Do you have the lockup detector enabled (CONFIG_LOCKUP_DETECTOR), and if yes do you get a trace from it after a while?

There is a possible deadlock with the serial driver, we haven’t seen that happening in our BSP so far, but I guess with the RT patch applied it could make a difference. Unfortunately, the patch does not apply directly on our tree.

Hi @stefan.tx,

Sometimes the boot process goes well, nothing happens.

But, most cases in which the boot freezes were at the systemd random generation process, like in this part of the boot process:

    [    1.929358] systemd[1]: systemd 226 running in system mode. (+PAM -AUDIT -SELINUX +IMA -APPARMOR +SMACK +SYSVINIT +UTMP -LIBCRYPTSETUP -GCRYPT +GNUTLS +ACL +XZ -LZ4 -SECCOMP +BLKID -ELFUTILS +KMOD +IDN)
    [    1.949113] systemd[1]: Detected architecture arm.
    
    Welcome to The Ångström Distribution v2015.12!
    
    [    1.978135] systemd[1]: Set hostname to <colibri-vf>.
    [    2.033913] random: systemd: uninitialized urandom read (16 bytes read, 50 bits of entropy available)
    [    2.189426] random: systemd-sysv-ge: uninitialized urandom read (16 bytes read,

Nothing more after this line, or even few steps after it.

And other few times the boot got stuck at the ethernet setup process, like in this part:

         Starting WPA supplicant...
         Starting Hostname Service...
[  OK  ] Started Network Name Resolution.
[   11.256413] fec 400d1000.ethernet eth0: Freescale FEC PHY driver [Micrel KSZ8041] (mii_bus:phy_addr=400d1000.etherne:00, irq=-1)
[   11.281984] IPv6: ADDRCONF(NETDEV_UP):

Even here, nothing more is notified, and I have to manually reset the module.

The CONFIG_LOCKUP_DETECTOR was previously configured as =y in my defconfig.

Unfortunately, even with this option enable, I don’t get any trace from it after this step in which the boot freezes.
The machine literally stop responding and is necessary to do a “manual” reset.

Hm, do you have a display connected to it and a fbdev console?

In case the lockup happens due to the UART, it would be expected that the UART does not show anything anymore. But if that is the case, the fbdev console should still show something, at least the lockup detection stuck trace…

@andrecurvello, I could reproduce your issue. It is clearly serial console related, when using setenv setup setenv setupargs console=tty1 to disable the serial console, the kernel did not freeze anymore.

I could fix the issue by using a newer version of the driver (copy the file drivers/tty/serial/fsl_lpuart.c from Linux v4.9). We will update the v4.4 version of that driver to reflect all changes we pushed to v4.9 soon.

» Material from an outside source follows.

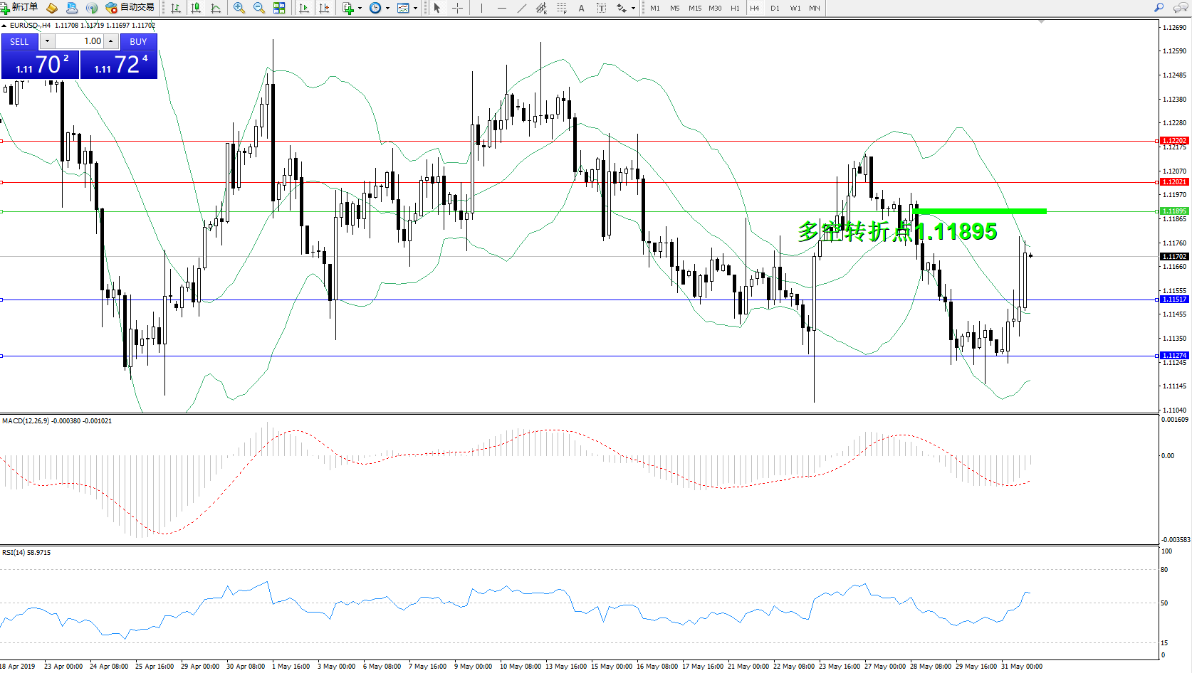 交易策略:1.11895下方看跌,目标1.11517、1.11274

@andrecurvello, there is now a patch on our -next branch which resynchronizes the lpuart driver to the latest upstream version.

Hi @stefan.tx,

I’ve tested it here.

With the Preemption Model set for "Preemptible Kernel (Basic RT), it runs OK, no problems at boot process.

But with the Preemption Model set for "Fully Preemptible Kernel (RT), it keeps freezing sometimes at boot process, more or less at the same point I’ve showed before (systemd setup, etc…).

Is there any way I could record a log or other kind of information that could help in this problem?

I guess that is with the latest patch from -next? On what percentage of boots does it happen for you now?

Can you verify that it does not happen when using setenv setup setenv setupargs console=tty1?

Hi @stefan.tx,

I’ve tested it here with the commando you suggested on uBoot:
setenv setup setenv setupargs console=tty1

It worked well.

I’ve tested here with repeated boot sequences, and all of them occurred OK.

What could it be?

If you can live without serial console, I guess this would be a viable work around…

However, I booted the system several times here, and could not reproduce the issue with the latest patches on -next. Are you absolutely sure you integrated the patch mentioned above? E.g. when running dmesg | head the Linux kernel banner shows the git hash that commit? ( fa3f45c2) Does it happen on every boot for you?